2024年6月20日(木)

チャイナ・ウォッチャーの視点

2013年9月10日

 初公判に合わせて法院の前には、大量の陳情者が訪れた。中には毛沢東の肖像画を持つ薄の支持者の姿もあった。「薄熙来裁判が公正に行われているかどうか注目したい。薄の審理を通じて中国が法治に推進することを望む」。ある陳情者はこう語った。

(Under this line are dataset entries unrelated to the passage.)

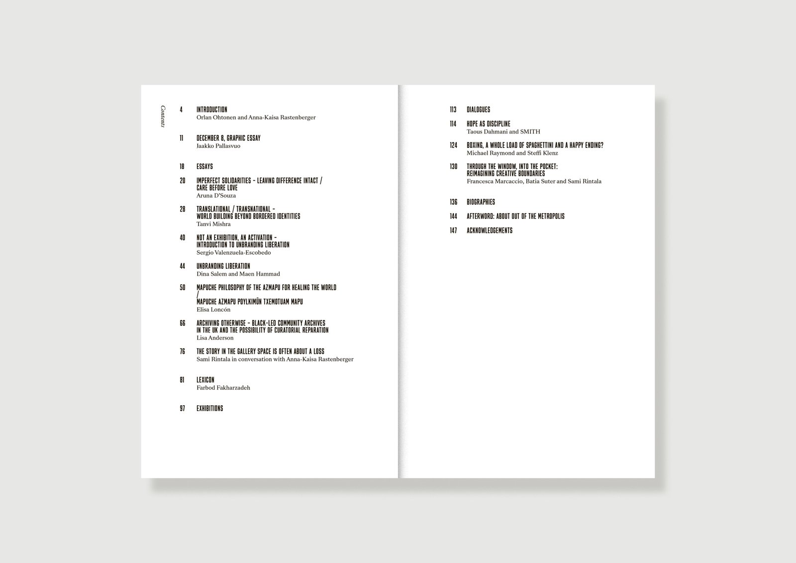 Featuring Lisa Anderson, Aruna D’Souza, Taous Dahmani, Farbod Fakharzadeh, Maen Hammad, Steffi Klenz, Elisa Loncón, Francesca Marcaccio, Tanvi Mishra, Jaakko Pallasvuo, Orlan Ohtonen, Anna-Kaisa Rastenberger, Dina Salem, Sami Rintala, Michael Raymond, Batia Suter, Sergio Valenzuela-Escobedo, SMITH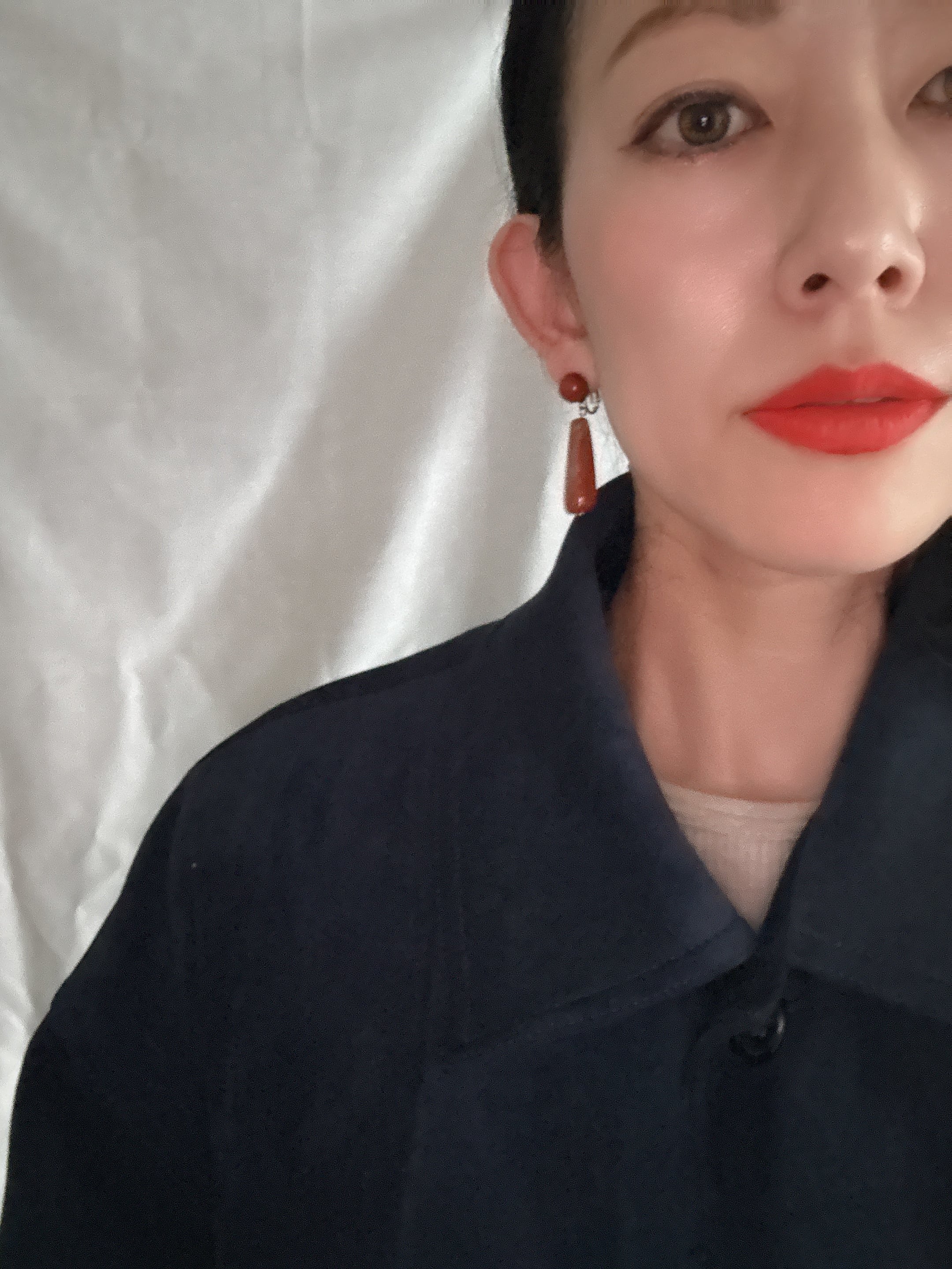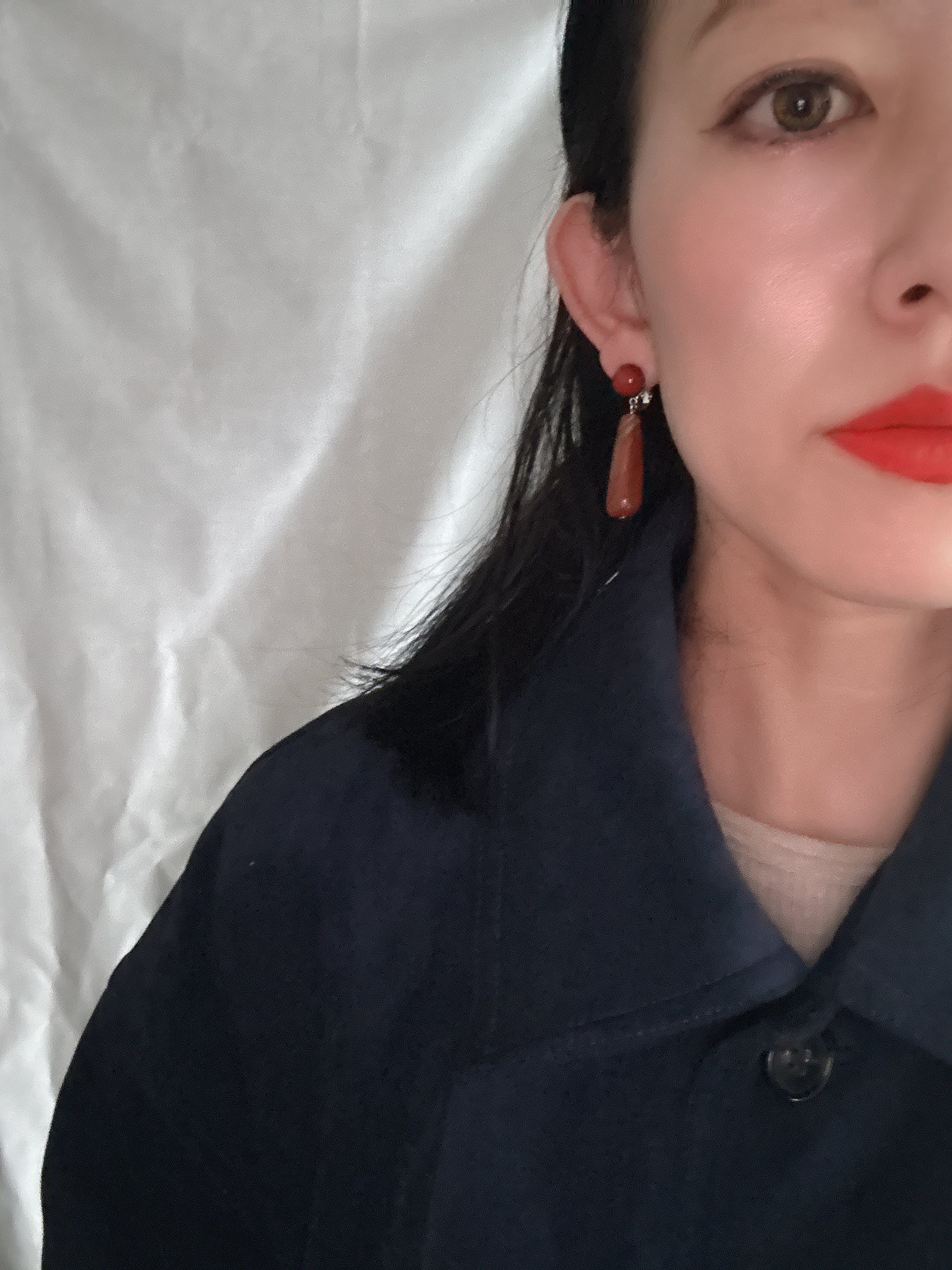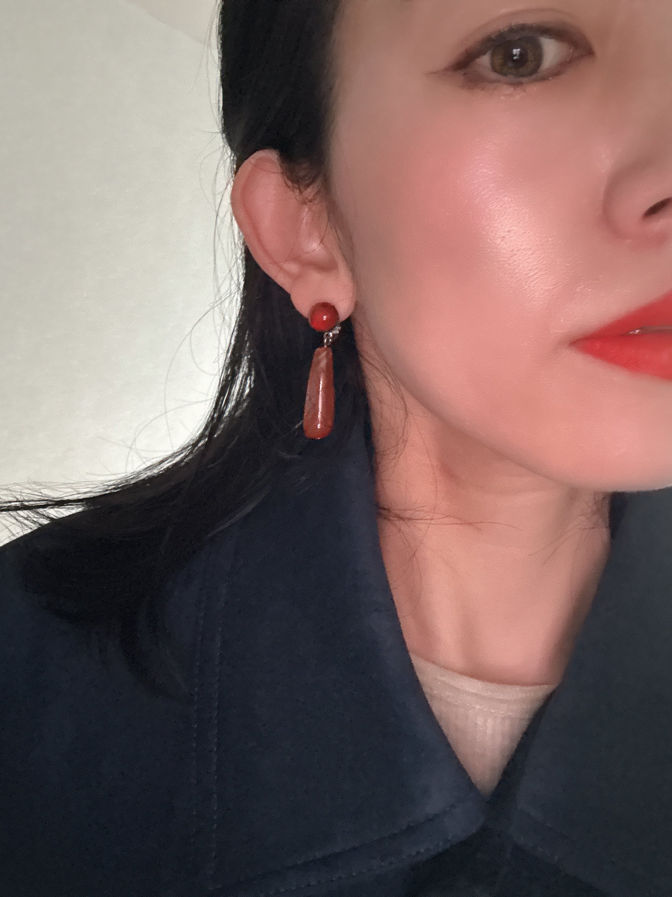 ✴︎長さ約4.5センチ。アガットストーンを使用。オレンジレッドカラーは、耳元の差し色になり、よりスタイリッシュに。これからの季節に、ぴったりのアイテム。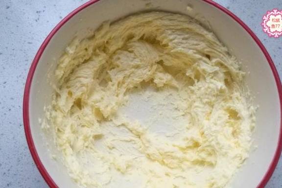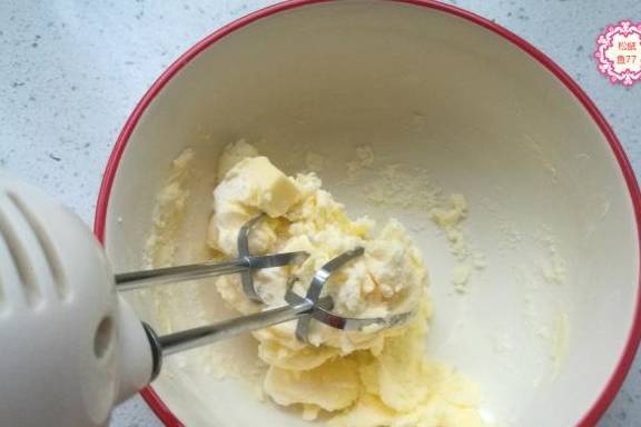 3、搅拌均匀后,就可以打开电动打蛋器了,先低速再高速打发黄油,打发到黄油蓬松发白就可以了。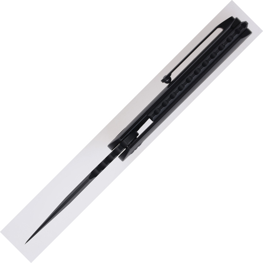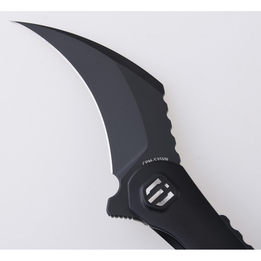 4.13″ (10.49cm) closed. 3″ (7.62cm) black DLC coated CPM S35VN stainless blade. Black G10 handle. Extended tang. Pocket clip. Boxed.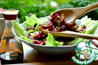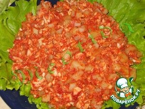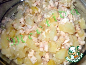 Курицу с картошкой заправить смесью пасты с хреном, добавить измельченный чесночок (можно посолить и поперчить по вкусу, но я этого не делала), выложить слоем на листья салата

 もし薄熙来に対する判決が軽ければ、習が唱える「反腐敗」「法治」への信頼が揺るぎかねず、厳刑に処すれば、薄を支持する保守派や貧困層から「政治迫害」だとの批判が高まりかねなかった。

「自供一転」の狙い

 多くの北京の司法専門家は、初公判を控え、「懲役15年~無期懲役の判決では」と予測した。

 習指導部は、何とか薄に罪を認めさせ、保守派や貧困層に残る薄熙来の影響力を完全に喪失させ、事件が党内にもたらした亀裂を修復したいと考えた。この思惑通りに解任直後、薄は罪を認め、上申書を出した。公判最終日に当時のことを薄はこう振り返っている。

 「当時の私の心の中に、党籍とわが政治生命を残そうとの希望があった」。罪を認めれば、政治的復活もできるという甘い幻想を抱いたが、共産党大会直前の2012年9月28日の政治局会議で薄の党籍剥奪と刑事責任追及が決定する。

 新たに発足した習指導部は、罪を認めた薄に対し、法治や反腐敗をアピールできる重い罪でありながら、保守派らも強く反発しない妥当な線として「懲役15年~無期懲役」という判決を想定したとみられる。

 しかし起訴(7月25日)後の8月14日に開かれた法院の事前会議で、薄は上申書について不当な圧力の下で書かされ、明確な誘導があったとして「『違法証拠』として撤回を要求した」(公判証言)。罪を認めざるを得なかった圧力の背後に関して一人息子の薄瓜瓜は米紙ニューヨーク・タイムズに宛てた声明で「もし父が黙々と(当局に)服従することが私の安寧の条件となっているならば、判決には道徳的な重みはない」と指摘した。

「薄熙来の夢」は政治生命の復活

 こうした「密約」を薄は自ら破った。薄熙来事件で多くのコメントを発表している北京大学法学院の賀衛方教授は、薄熙来の政治的狙いをこう解説する。

 「薄は罪を認めた時でさえ、自己の犯罪を否定する最後の機会を待っていたのではないか。当然、彼は監獄の外では彼の支持者が彼のために努力していることは知っている。現在64歳である。ある時期が来れば、政治家として再び登場できるとまだ信じているのだろう。だから彼は潔白を保持しなければならない。彼は非常に賢く、政治能力もとても高い。法廷で明確に犯罪を否認すれば、未来において有利な政治的機会を再び得られるというのが『薄熙来夢』(薄熙来の夢)だ」。